Reference Document http://blog.csdn.net/licongcong_0224/article/details/12972889 Reference document http://www.powerxing.com/install-hadoop/ Reference Document http://www.powerxing.com/install-hadoop-cluster/ Hadoop cluster installation configuration tutorial
Critical: Note that all host names need to be set for specification. You cannot use underscores to make delimiters, only with a minus sign. You cannot use an IP address in the configuration file at the same time. Instead, use the host name.
I was in the process of installation because of these 2 reasons. Causes the cluster to not establish correctly. HDFs Dfsadmin-report, unable to display correct information
Preparation Stage 3 simulator, installation of the CENTOS7 system

Ip	Host Name	User name	Password
192.168.1.151	hadoop-master-001	Hadoop
192.168.1.152	hadoop-slave-001	Hadoop
192.168.1.153	hadoop-slave-002	Hadoop

Add Users

Useradd Hadoop
passwd Hadoop

Disable Transparent Hugepage
View the status of Transparent Hugepage

Cat/sys/kernel/mm/transparent_hugepage/enabled

return results

[Always] madvise never

Permanently closed

Vim/etc/rc.local
Add the following code:
if Test-f/sys/kernel/mm/transparent_hugepage/enabled; then
   echo never >/ sys/kernel/mm/transparent_hugepage/enabled
fi
if test-f/sys/kernel/mm/transparent_hugepage/defrag; then
   echo never >/sys/kernel/mm/transparent_hugepage/defrag
fi

Restarting the machine
View status

Cat/sys/kernel/mm/transparent_hugepage/enabled

return results

Always madvise [never]

System Software Installation Java installation
Installing Oracle's Java SDK

Download Link: http://www.oracle.com/technetwork/java/javase/downloads/jdk8-downloads-2133151.html
wget http://download.oracle.com/otn-pub/java/jdk/8u72-b15/jdk-8u72-linux-x64.rpm? Authparam=1453706601_fb0540fefe22922be611d401fbbf4d75

After downloading to local, install via Yum
Yum Localinstall jdk-8u72-linux-x64.rpm

Verifying the Java version
Java--version

Setting Java_home Environment variables
Vim/etc/profile
Export Java_home= "/usr/java/default"

Hosts are set up on both master and slave servers

192.168.1.151 hadoop-master-001
192.168.1.152 hadoop-slave-001
192.168.1.153 hadoop-slave-002

Get through 001 to 001, 002,003 SSH without password login
Install SSH on the 001 machine to enter the HDFs user's. SSH directory using ssh-keygen-t RSA to generate the public and private keys (continuous carriage return, no password set) Copy the public key file to the user directory of the HDFs of the machine to be accessed. SSH Directory
SCP ~/.ssh/id_rsa.pub Hadoop@hadoop-master-001:/home/hadoop/.ssh/authorized_keys
SCP ~/.ssh/id_rsa.pub Hadoop@hadoop-slave-001:/home/hadoop/.ssh/authorized_keys SCP ~/.ssh/id_rsa.pub Hadoop@hadoop-slave-001:/home/hadoop/.ssh/authorized_keys
Detect if you can log in without requiring a password
SSH localhost
SSH hadoop@hadoop-master-001
SSH hadoop@hadoop-slave-001
SSH hadoop@hadoop-slave-001
Only 001 is master, and if you have more than one namenode, or RM, you need to get through all master to the rest of the rest of the node password-free login. (Append 001 Authorized_keys to Authorized_keys of 002 and 003)
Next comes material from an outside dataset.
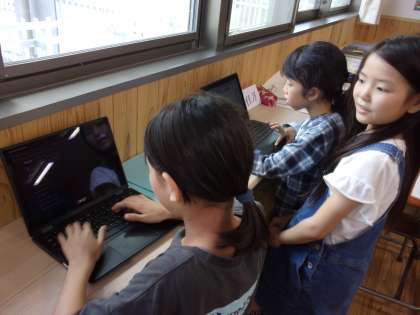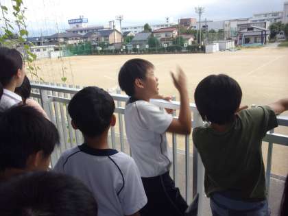 理科の学習で、月は昼に出ているのか、という疑問が浮かんできた子どもたちは、早速空に浮かぶ月を探し始めました。校舎の外やベランダに出て空を見上げる子どもや、パソコンを広げて現在地を特定しようとする子どもなど、様々な方法で月を見付けようとがんばる姿が見られました。この日は月を見付けることができなかった子どもたちでしたが、諦めることなく観察を続け、次々と目撃情報を報告し合っていました。中秋の名月も楽しもうとする子どもたちです。

Note: Under Centos7 to get through the password-free login process of local ssh localhost, if using the online
Cat./id_rsa.pub >>./authorized_keys This method is not password-free. What reason is unknown. Now with
SCP ~/.ssh/id_rsa.pub Hdfs@hadoop-master-001:/home/hdfs/.ssh/authorized_keys
This way to complete the installation of native password-free ssh hadoop hadoop download http://hadoop.apache.org/releases.html. Download page Access http://apache.fayea.com/hadoop/common/
wget http://apache.fayea.com/hadoop/common/hadoop-2.7.2/hadoop-2.7.2.tar.gz TAR-XZVF hadoop-2.7.2.tar.gz Move the hadoop-2.7.2 to the/usr/local directory under sudo cd/usr/local sudo tar-xzvf hadoop-2.7.2.tar.gz sudo chown-r hadoop:hadoop./hadoop -2.7.2
Ln-s/usr/local/hadoop-2.7.2/usr/local/hadoop
Determine the version of Hadoop
/usr/local/hadoop/bin/hadoop Version Configuration Environment variables

Vim/etc/profile

Export path= $PATH:/usr/local/hadoop/bin:/usr/local/hadoop/sbin

Hadoop configuration Process

Before configuring, you need to create the following folder on the 001 local file system:

/home/hadoop/name

/home/hadoop/data

/home/hadoop/temp

There are 7 configuration files to be covered here:

~/hadoop-2.7.2/etc/hadoop/hadoop-env.sh

~/hadoop-2.7.2/etc/hadoop/yarn-env.sh

~/hadoop-2.7.2/etc/hadoop/slaves

~/hadoop-2.7.2/etc/hadoop/core-site.xml

~/hadoop-2.7.2/etc/hadoop/hdfs-site.xml

~/hadoop-2.7.2/etc/hadoop/mapred-site.xml

~/hadoop-2.7.2/etc/hadoop/yarn-site.xml

Modify the configuration (how the system has already set the Java_home, also configure the env.sh)
Enter/home/hdfs/hadoop-2.7.2/etc/hadoop on the 192.168.1.151 server
Configuration file 1:hadoop-env.sh

Modify Java_home value (export Java_home=/usr/java/default)

Configuration file 2:yarn-env.sh

Modify Java_home value (export Java_home=/usr/java/default)

Configuration file 3:slaves (this file holds all slave nodes)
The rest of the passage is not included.